While basic route hygiene (e.g. using MAXPREF to limit the number of routes accepted from a customer or peer) could have prevented this incident, it underscores a larger point: we’re all in this together. The Internet is our electronic commons and its proper functioning depends on everyone in control of an Internet router.
Routing goof-ups like this don’t need to involve your IP address space to impact you.
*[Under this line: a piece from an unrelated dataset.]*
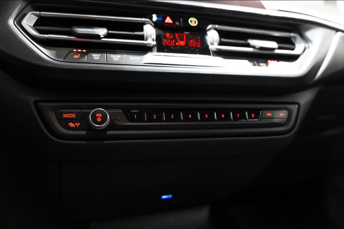 Het personaliseren van uw cockpitinterface is mogelijk met het digitale dashboard in deze auto. Met de achteruitrijcamera ziet u precies wat er achter de auto gebeurt. De speciale app verbindt met Connected Services, die de status van vitale functies bijhoudt en waarschuwt als u bijvoorbeeld moet tanken, de bandenspanning moet controleren of olie moet bijvullen. Voor wie hoge eisen stelt aan geluid en akoestiek, is deze auto voorzien van een high performance audiosysteem. Omdat u nu eenmaal niet overal ogen heeft, is deze BMW 1-serie voorzien van een achteropkomend verkeer waarschuwing die registreert wanneer de afstand tot uw achterligger te krap is. Ook dashboard met spraakbediening, navigatiesysteem met harde schijf, electronic climate control, DAB ontvangst, regensensor en cruise control zijn aan boord.

If it impacts the routes of someone you are trying to communicate with or one of the ISPs along the way, then it’s your problem too. By understanding how the Internet works and gathering real-time Internet Intelligence on your assets and those of your customers or suppliers, you can work with your providers to mitigate the damaged caused by the inevitable mistakes, even when the source is on the other side of the world.